- _Assignment_
For the records below, output word for word the lines from the one with "Festive Orchid Plant" up to and including the one with "②,股价大级别下降趋势途中,年线向右下方". No pictures.

- _Dataset records_
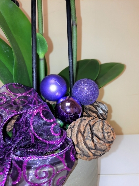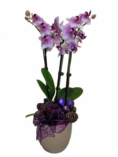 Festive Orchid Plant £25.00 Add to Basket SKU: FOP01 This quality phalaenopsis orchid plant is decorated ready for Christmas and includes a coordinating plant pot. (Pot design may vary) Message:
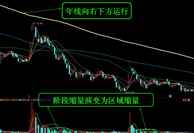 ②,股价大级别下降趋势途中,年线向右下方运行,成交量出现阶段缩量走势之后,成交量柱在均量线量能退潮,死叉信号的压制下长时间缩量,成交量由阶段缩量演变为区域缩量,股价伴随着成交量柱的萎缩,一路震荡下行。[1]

...

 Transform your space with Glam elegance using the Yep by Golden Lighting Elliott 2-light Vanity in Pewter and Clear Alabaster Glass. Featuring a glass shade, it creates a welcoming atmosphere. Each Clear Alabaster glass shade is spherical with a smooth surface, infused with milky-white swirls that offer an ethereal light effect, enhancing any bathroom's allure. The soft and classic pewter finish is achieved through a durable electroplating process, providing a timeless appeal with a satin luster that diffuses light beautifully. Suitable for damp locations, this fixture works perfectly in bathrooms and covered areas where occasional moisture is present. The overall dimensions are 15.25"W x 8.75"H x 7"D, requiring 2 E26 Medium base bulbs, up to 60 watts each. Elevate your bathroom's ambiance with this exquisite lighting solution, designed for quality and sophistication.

- _Exercise result_
 Festive Orchid Plant £25.00 Add to Basket SKU: FOP01 This quality phalaenopsis orchid plant is decorated ready for Christmas and includes a coordinating plant pot. (Pot design may vary) Message:
 ②,股价大级别下降趋势途中,年线向右下方运行,成交量出现阶段缩量走势之后,成交量柱在均量线量能退潮,死叉信号的压制下长时间缩量,成交量由阶段缩量演变为区域缩量,股价伴随着成交量柱的萎缩,一路震荡下行。[1]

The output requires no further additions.